The upside is that when I tell long and elaborate stories (which is 90% of the time) and multiple he/she coyness will be too confusing to follow, I get to come up with placeholder names. And while I am a big fan of nice, normal, easy-to-spell-and-pronounce names in RealLife, I anticipate deriving endless amusement from telling stories about my wife JalapeƱa Nina and my son Shiva the Destroyer.

So there you have it. A wide array of trivial topics and an equally wide array of ridiculous pseudonyms. That’s what you can reasonably expect.

Friday, August 28, 2009

Starting at the Beginning

Lately my GoodReads reviews have been getting longer and longer, but still mostly focused on actual books, which means all the other things which entertain me and make me think don't get an outlet.

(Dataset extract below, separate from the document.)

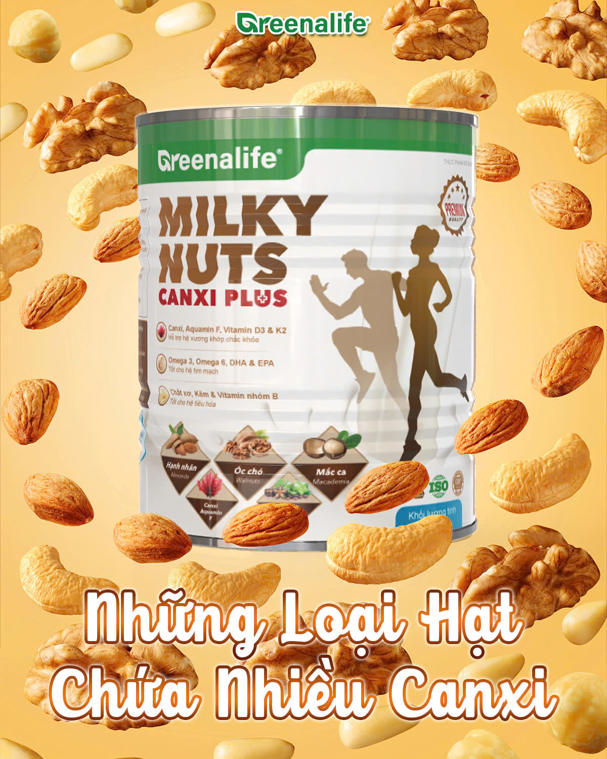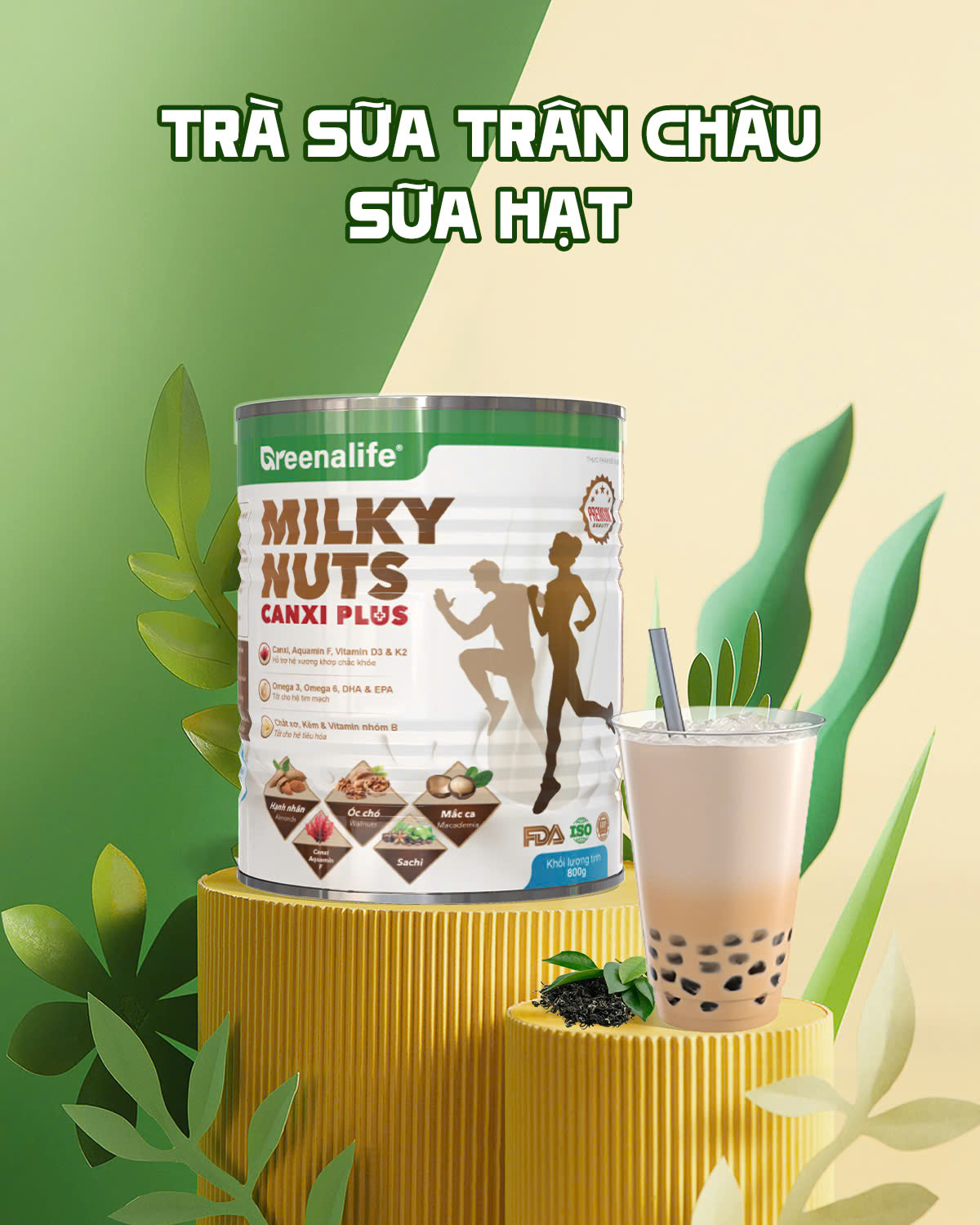 Milky Nuts - Canxi Plus - được kết hợp từ hạnh nhân, óc chó, mắc ca, đậu nành,... cùng Canxi Aquamin F, các khoáng chất như Magie, Kẽm và Vitamin D3,.... đã tạo nên một hỗn hợp dinh dưỡng đặc biệt hữu ích cho xương và khớp. Không chỉ hỗ trợ quá trình hình thành và tái tạo mô xương mà còn giúp duy trì cân nặng khoa học của cơ thể, giảm áp lực đối với xương khớp. Hơn nữa, chất xơ từ hạt còn hỗ trợ việc giảm viêm và cung cấp sự linh hoạt cho xương khớp. Bổ sung 2 ly Milky Nuts - Canxi Plus vào chế độ ăn uống hàng ngày để hỗ trợ sức khỏe xương khớp và đầy đủ dinh dưỡng cho toàn bộ cơ thể!

Recently someone asked me if I had a blog they could visit to keep tabs on what's up with me.

I've had the recurring thought "This would make a good blog post" so many times I've lost count.

Clearly, it is time to start a blog. I avoided it for as long as I could, but it's time. Rather than overthink how to kick things off with a grand Statement of Purpose post or anything like that, I'll just leave it at this.

My blog starts here. If you're diving into the archives looking for the beginning, this is it. If you've been working your way backwards, you've reached the end. Either way - more later.